一行人离开小柯的房间,到了柯台长的房间,柯台长擂了吴高仁一拳,这就是你说的好戏啊,你也够狠的。吴高仁说对付狠人还真的有点狠招,年轻人吃点亏有好处,否则他们以为顶着一个旗号就可以扫荡天下。关键的还是他自己,苍蝇不叮无缝的蛋,他自己不上钩也就没戏。好了,休息,什么事也没有发生,明天还有个刘记者呢。但愿早点结束,我这几天啊,宾馆餐厅上一道菜,我就知道下道菜是什么了。我都吃腻了,现在最想吃的啊,就是家常饭菜,我现在说看的不知道吃的累,肯定会有人说是矫情,可这是事实。







天一亮,小柯就自行离开。吃早餐的时候,刘记者问起小柯,吴高仁说小柯临时有采访任务,先行离开。刘记者沉思了一会,点点头,不再说什么,埋头吃早餐。早餐后,刘记者在一群人的陪同下,前往东岭新村。东岭新村的太阳依旧,老百姓看到车队,已经习惯了,只是看了一眼,并没有多说什么。刘记者出了这家走进那家,吴高仁出于礼节,陪同刘记者走访了几个家庭,就在刘记者的坚持下,歇在一个家庭喝茶,让刘记者自行去参观采访。吴高仁完全放心,村民不会再胡乱说什么。用陈大顺的话说,村民原来想把钱赖过去,后来发现赖不了,也就不会去乱说。都是乡亲们,谁家有钱没钱,还不是一清二楚,乱嚼舌头,一人一口唾沫就可以把人淹死。想清楚了,事情就简单了,19户人家欠下的钱全部还清,农信社主任很开心,拖了这么久的债,讨了一次又一次,都没有明显效果,没想到一篇报道稿就全部收回来了。
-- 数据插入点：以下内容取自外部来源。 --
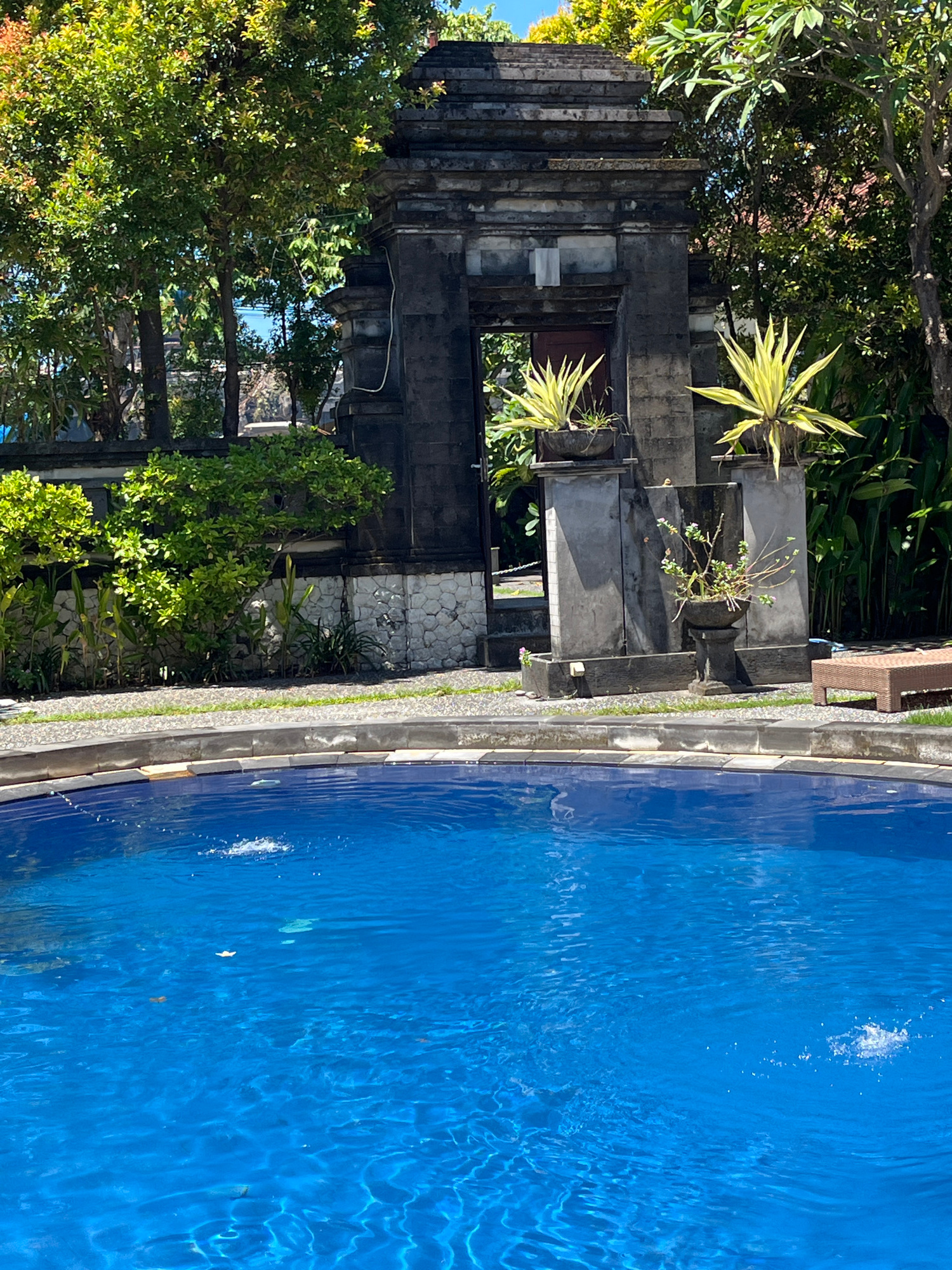 A daytime shot depicts an outdoor scene in Kuta Selatan, Indonesia. On the left, a multi-tiered stone structure, possibly a traditional Balinese temple or building facade, is partially obscured by lus…read more

刘记者显然没有问到什么新的东西,看他好像有点不甘愿的样子,吴高仁说我给你说几个细节。当年东岭新村刚建成的时候,老百姓感恩戴德,春节了往镇政府送柑橘、送煮熟的鸡鸭、送自家酿的米酒,说的全部是感谢的词,有人来参观了,都争着往自己家拉,不用说,卫生都打扫得十分干净。后来,村民们变了,变得无所谓,好像什么事都没发生过。再后来,开始有怨言了,说政府要大家盖新房子,有人来参观了,要么说没时间,卫生干脆不打扫,要打扫也可以,发工钱。甚至个别的家庭,被评上五好家庭什么的,挂个牌子,连铁钉都不出,说那是给县、镇政府脸上增光,要挂就得政府出,好像让挂牌子还是给政府莫大的面子。典型这时候在村民的心里已经变味了,淳朴的村民已经不全是淳朴了,他们认为这都是给政府贴金,自己纯属付出。以前邻居家借勺盐借两把柴火都按时还,最后借钱却不还了。吴高仁说得很平静,刘记者却是听得目瞪口呆,随行的镇干部证实,吴高仁并没有添油加醋。


刘记者在回到县城之后,接到一个电话,马上和吴高仁他们告辞,说另有采访任务要赶回去。谁挂的电话?郭志强偷偷问吴高仁。不知道就别问,知道得越多未必是好事。我们就是负责做好接待、解释。吴高仁黑着脸,郭志强偷偷吐了吐舌头。


送走刘记者,吴高仁握着柯台长和丁铭的手说:我也不想再留你。送战友,希望你们不再半路返回。柯台长也拍了拍吴高仁的肩膀:希望如此。柯台长和丁铭上车而去。吴高仁要大家都赶快回家休息,最近几天大家体力和精力都严重透支,希望不要再横生枝节。郭志强他们挥手告别,吴高仁也起身准备回家去,休整几天,继续研究西水县的文史资料,希望能整理出一本书,也留下点文名。吴高仁刚刚骑车走出政府大门,手机的铃声很是震撼心灵地响了。